Instructions for the task ::
Only an exact copy is wanted: the lines from the one holding "Phát biểu khai" through the last line below, minus the pictures.

Data shown ::

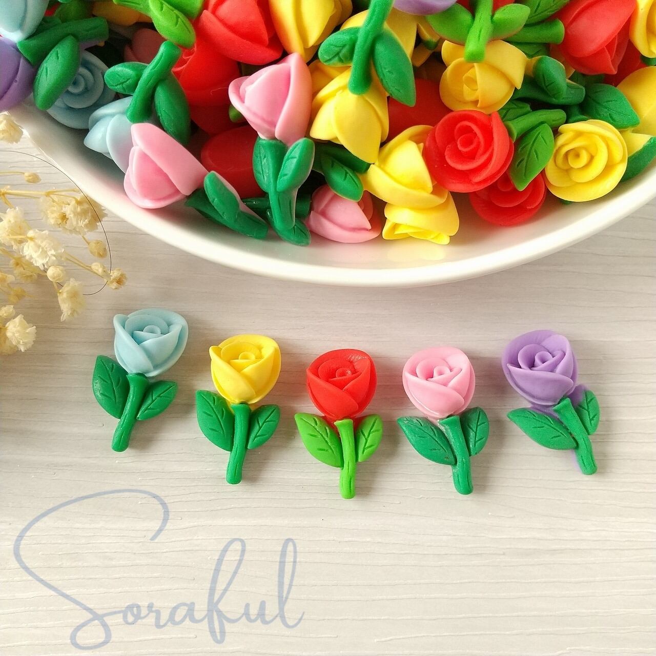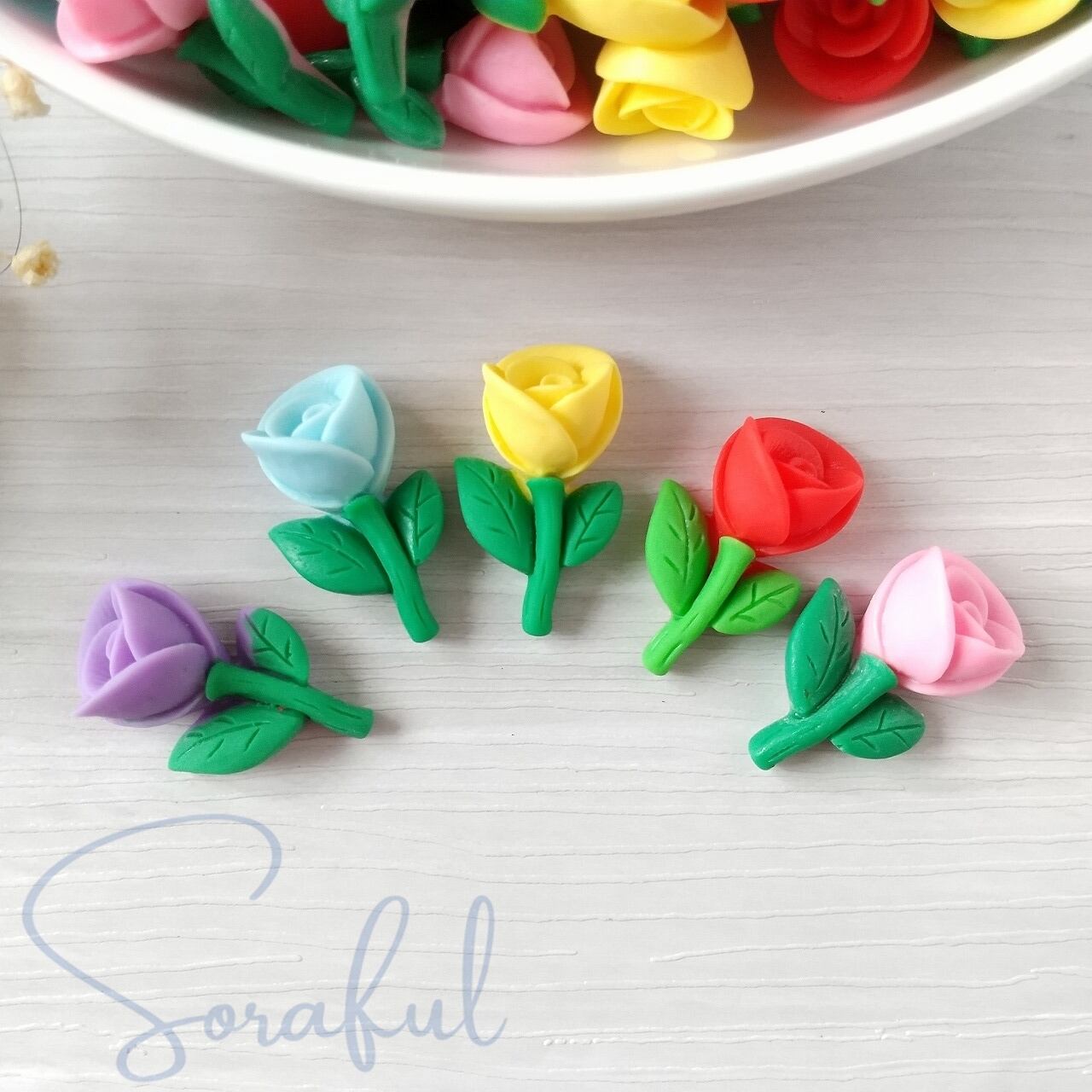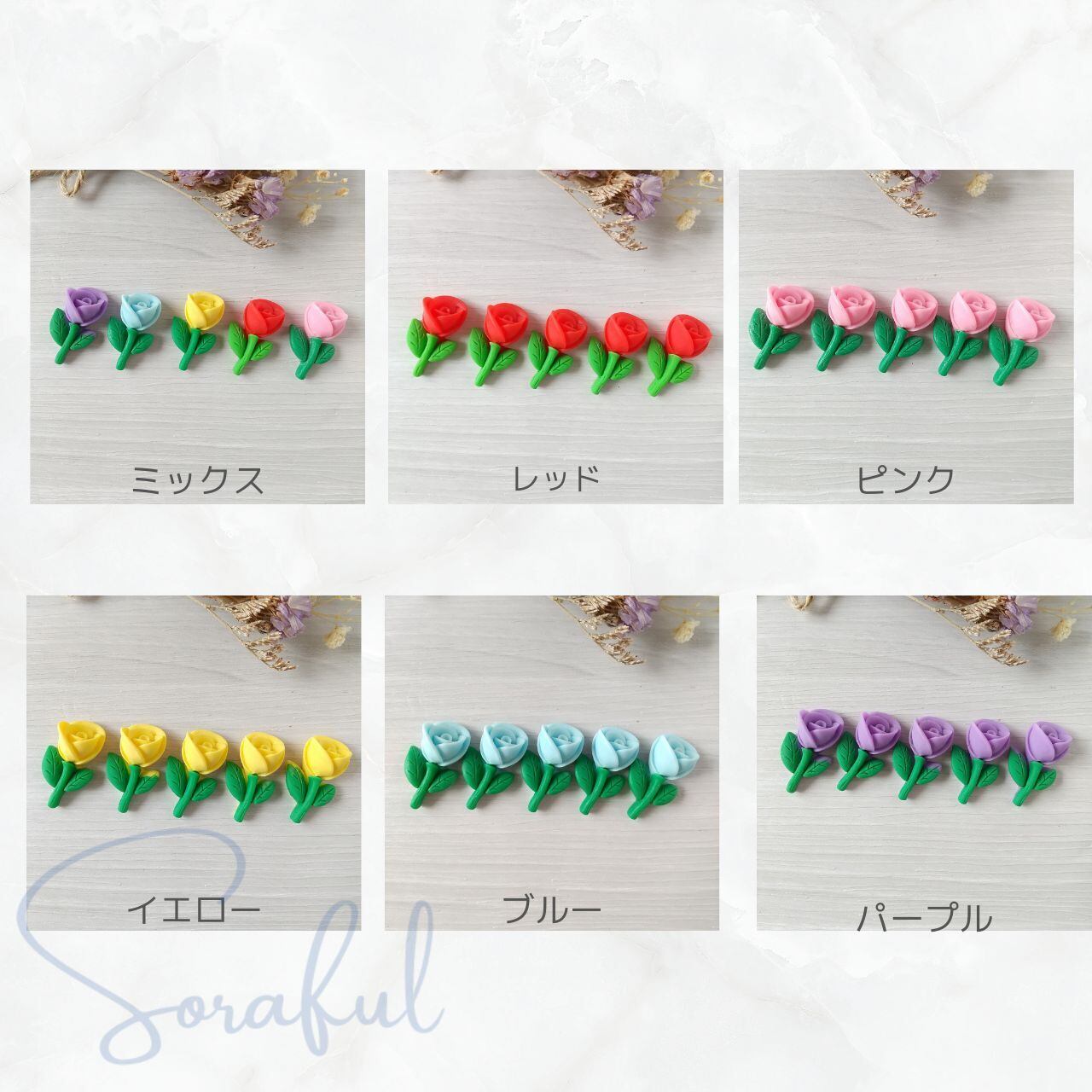 【5個】小ぶりなビビットカラーの薔薇 バラ 花 フラワー【デコパーツ】D-0242
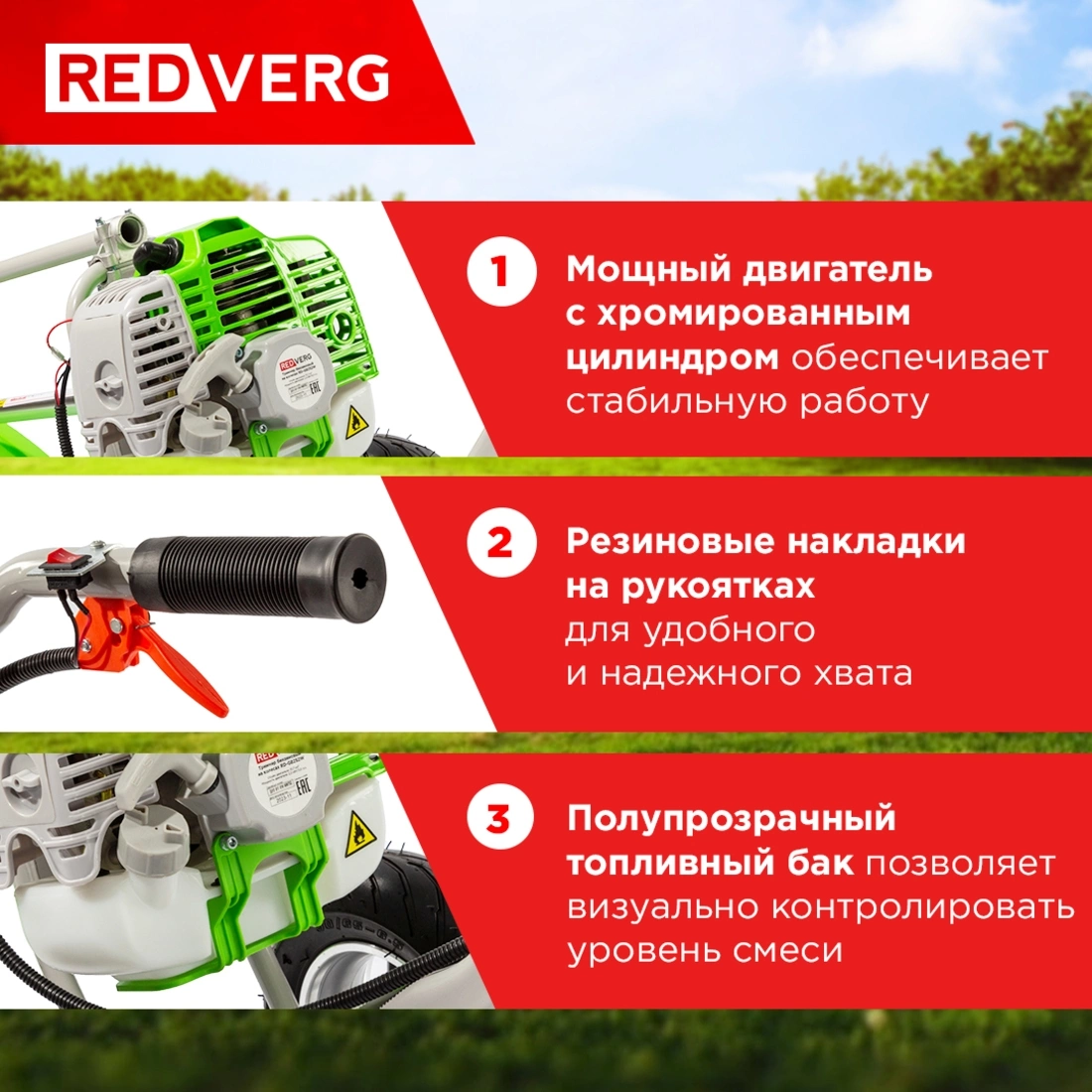 Триммер бензиновый RedVerg RD-GB252W 2300Вт 3л.с. неразбор.штан. реж.эл.:леска/ нож
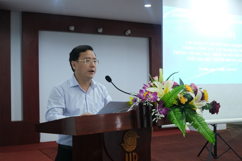 Phát biểu khai mạc, Phó Giám đốc Sở Nông nghiệp và Môi trường Trần Quốc Hùng cho biết, hội nghị nhằm kịp thời nâng cao năng lực và kiến thức chuyên môn cho đội ngũ cán bộ cơ sở trong lĩnh vực đo đạc, quản lý đất đai. Rèn luyện kỹ năng thao tác, khai thác và cập nhật dữ liệu trên Hệ thống thông tin đất đai, đáp ứng yêu cầu đẩy mạnh ứng dụng công nghệ thông tin và chuyển đổi số trong công tác quản lý nhà nước về đất đai.
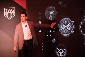 Tom Foldesi, TAG Heuer vice president of connected products and technology, joined Intel executives on stage at the St. Francis Yacht Club on Monday, March 13, 2017, to answer journalists’ questions about the new TAG Heuer Connected Modular 45. (Credit: Intel Corporation)

Task answer ::
 Phát biểu khai mạc, Phó Giám đốc Sở Nông nghiệp và Môi trường Trần Quốc Hùng cho biết, hội nghị nhằm kịp thời nâng cao năng lực và kiến thức chuyên môn cho đội ngũ cán bộ cơ sở trong lĩnh vực đo đạc, quản lý đất đai. Rèn luyện kỹ năng thao tác, khai thác và cập nhật dữ liệu trên Hệ thống thông tin đất đai, đáp ứng yêu cầu đẩy mạnh ứng dụng công nghệ thông tin và chuyển đổi số trong công tác quản lý nhà nước về đất đai.
 Tom Foldesi, TAG Heuer vice president of connected products and technology, joined Intel executives on stage at the St. Francis Yacht Club on Monday, March 13, 2017, to answer journalists’ questions about the new TAG Heuer Connected Modular 45. (Credit: Intel Corporation)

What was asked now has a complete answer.